でも、そう言われても「そうですか」って、後輩の俺がそのまま帰ることなんか出来ない。
「……じゃあ、手伝います」
俺は先輩が空気を入れたボールを、カゴの中へ入れ始めた。
静かな体育館には、空気を入れる「シュー」って音と、ボールがカゴにぶつかる物音だけが響く。
先輩と気まずくなるようなことが、直接あったわけじゃないんだけど、お互いに何も話さない。
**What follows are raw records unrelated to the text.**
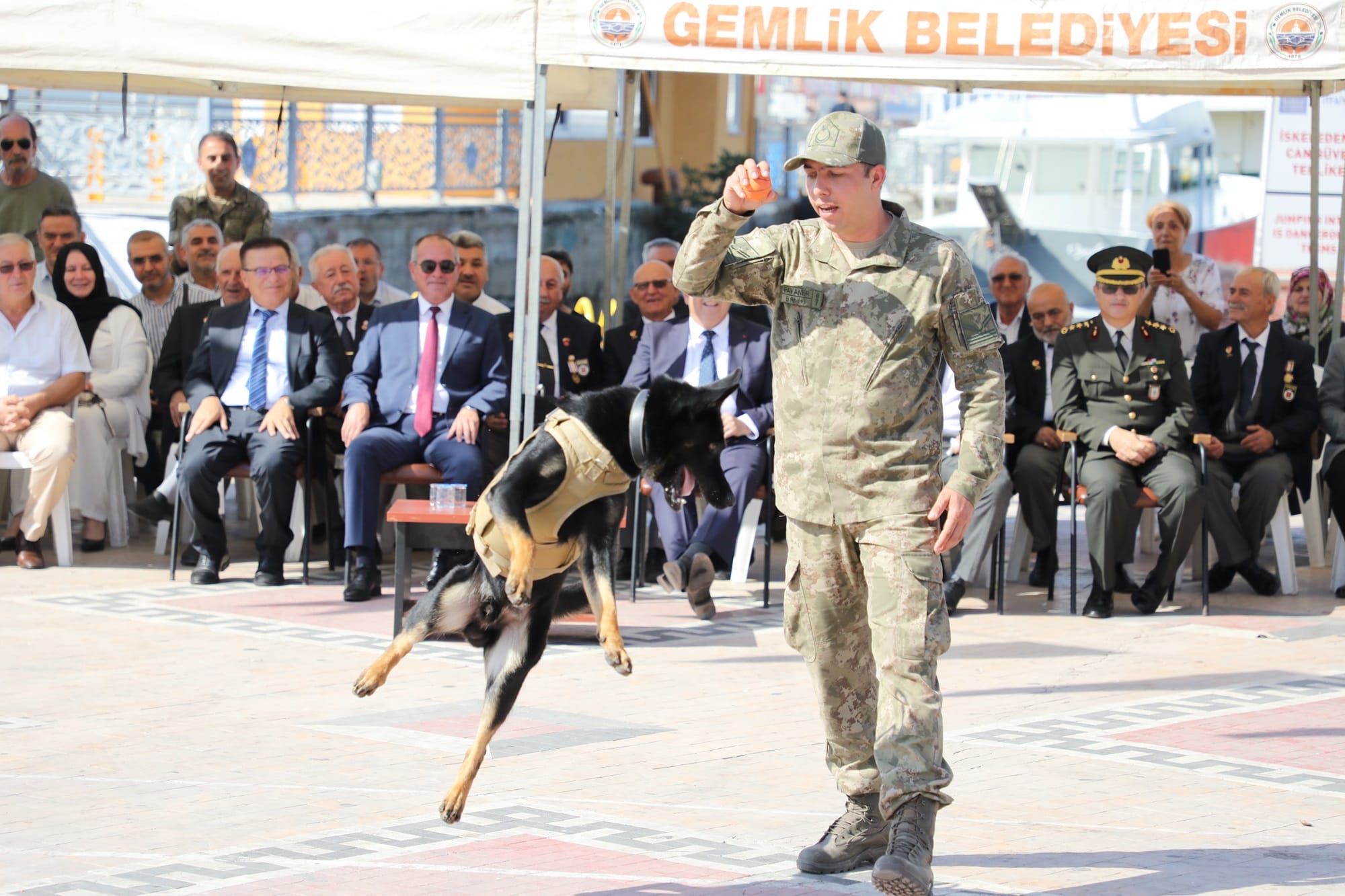 İskele Meydanı’nda yapılan etkinlerde ise; Halk oyunu gösterileri, şiirlerin okunması, Gemlik Askeri Harada eğitilen narkotik madde arama köpeği Alfa’nın gösterileri ve Gemlik Belediye Başkanı Mehmet Uğur Sertaslan’ın konuşması vardı. Sertaslan konuşmasında birlik ve beraberliğin önemine değindi. 11 Eylül’ün takvimde sıradan bir gün olmadığını hatırlatan Başkan Sertaslan, Unutmamak lazım, ibret almak lazım, ders çıkarmak lazım ki aynı şeyler bir kez daha başımıza gelmesin. Yüzyıl önce bugün, Gemlik düşman işgalinden kurtuldu. 10 Eylül günü Gemlikliler düşman çizmeleri tarafından çiğnenen topraklarını görüp gözyaşı döküyordu, kan ağlıyordu. 16 kez yıktılar bizi, 17. kez tekrar kurulduk, zümrüdü anka kuşu gibi küllerimizden doğmuşuz. Bizi ne zaman böldüler ve ayırdılar. Oraya buraya dağıttılar, biz o zaman yok olduk. Ne zamanki bir araya geldik, o zaman bir kere daha kurulduk. Barışın insana en yakışan şey olduğunu asla unutmayın. Bu aziz vatan için şehadete ermiş, gazi olmuş ve bu memleket için savaşmış başta Büyük Önder Gazi Mustafa Kemal Atatürk olmak üzere Gemlik’in kurtuluşu esnasında şehit düşen Şehit Cemal, İmam Bursalı Mehmet Efendi ve Er Mehmet Ali’ye selam olsun buradan, ruhları şad olsun.” dedi.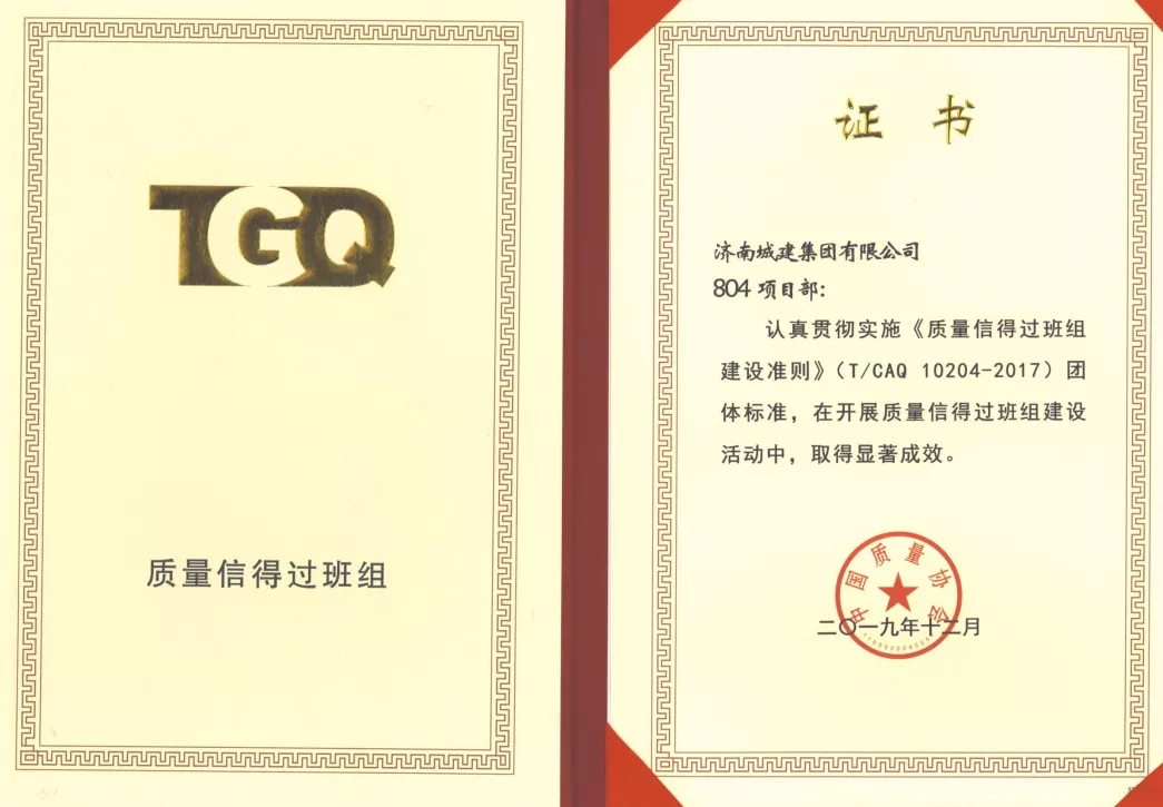 近日,2019年度中國質量協會質量信得過班組建設活動正式落幕,濟南城市建設集團所屬濟南城建集團有限公司、濟南黃河路橋建設集團有限公司各有三個班組榜上有名,榮獲“全國質量信得過班組”榮譽稱號。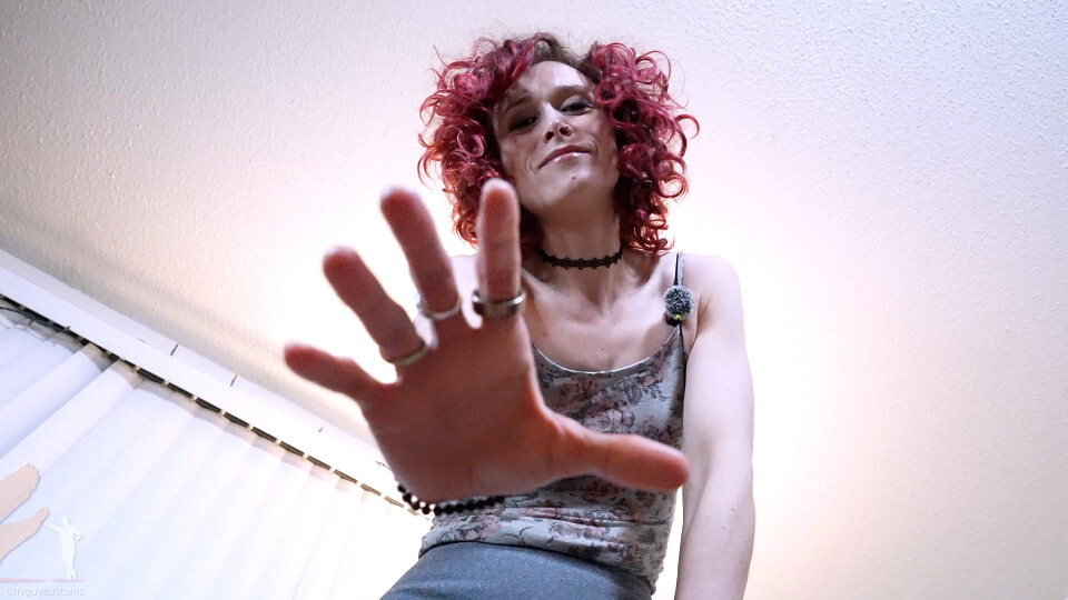 In less than a second you are down at the floor staring at her heels. She has somehow shrunken you down to 6 inches tall! She picks you up and sets you on the coffee table and tells you how it's going to be. Since you threatened her she's going to return the favor. She tells you that you're going to rub and kiss her feet since she's been walking around in heels all night. At first you refuse but she kicks you a few times and you realize there is not point in resisting any longer. Not at your new size.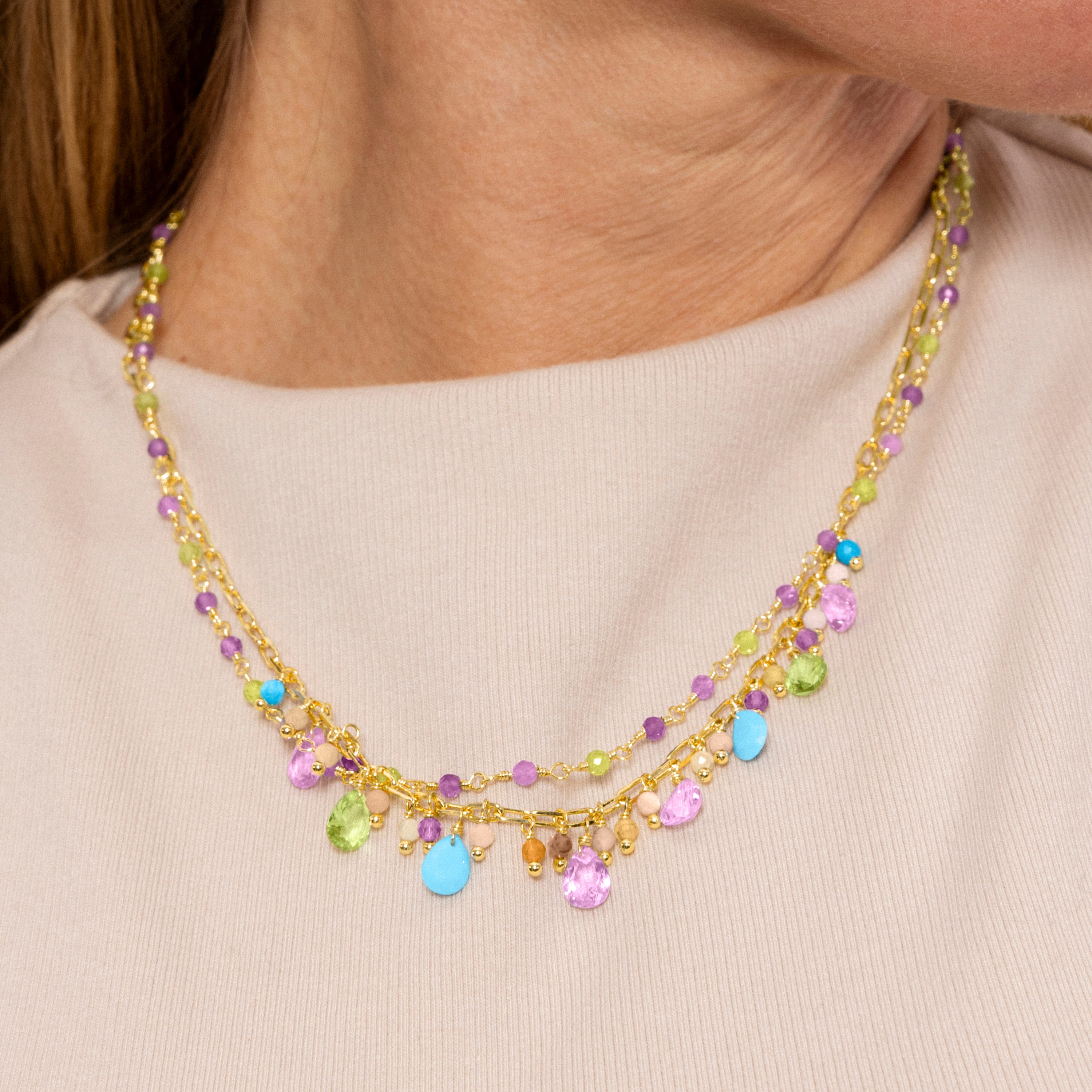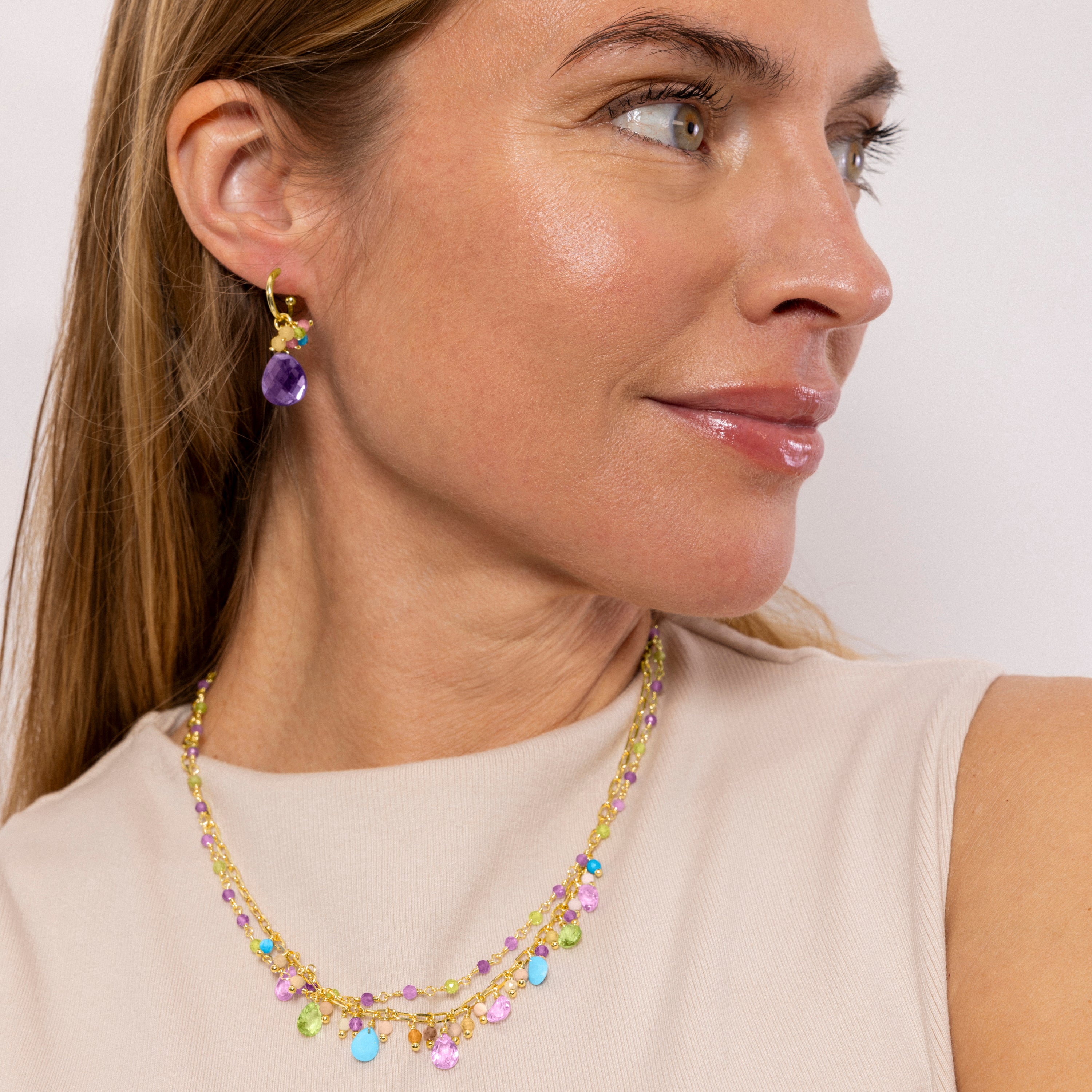 Collar Urilys cierre de Plata de Ley 925, abalorios de metal y Cuarzo Hidrotermal Amatista acabado en oro amarillo de 18k. Atelier transmite tendencia en cada joya, con diseños que se han ido adaptando a la evolución de la moda y de la mujer. Es la línea perfecta para mujeres únicas que quieren aportar un toque de color a su día a día.

それでも、先輩は何も気にしていないみたいで、いつもの穏やかな顔で黙々と作業する。
対する俺は緊張して、手にかいた汗が尋常ではなかった。
檜山とどうなっているんだろう……。
本当に復縁したり……したんだろうか。
どうしようもなく気になって、聞いてみようかと口を開いては、やっぱり聞けないと閉じる。
そんな行動を、何度も何度も繰り返していたら、
「……岡田?」
藤原先輩が、とても不思議そうな顔をして、こっちを見ていた。
「あっ、えっ」
「終わったよ。大丈夫か?」
苦笑しながら、ポーンッと軽く投げられたボール。
それを焦って受け取りながら、俺は「はい」と返事した。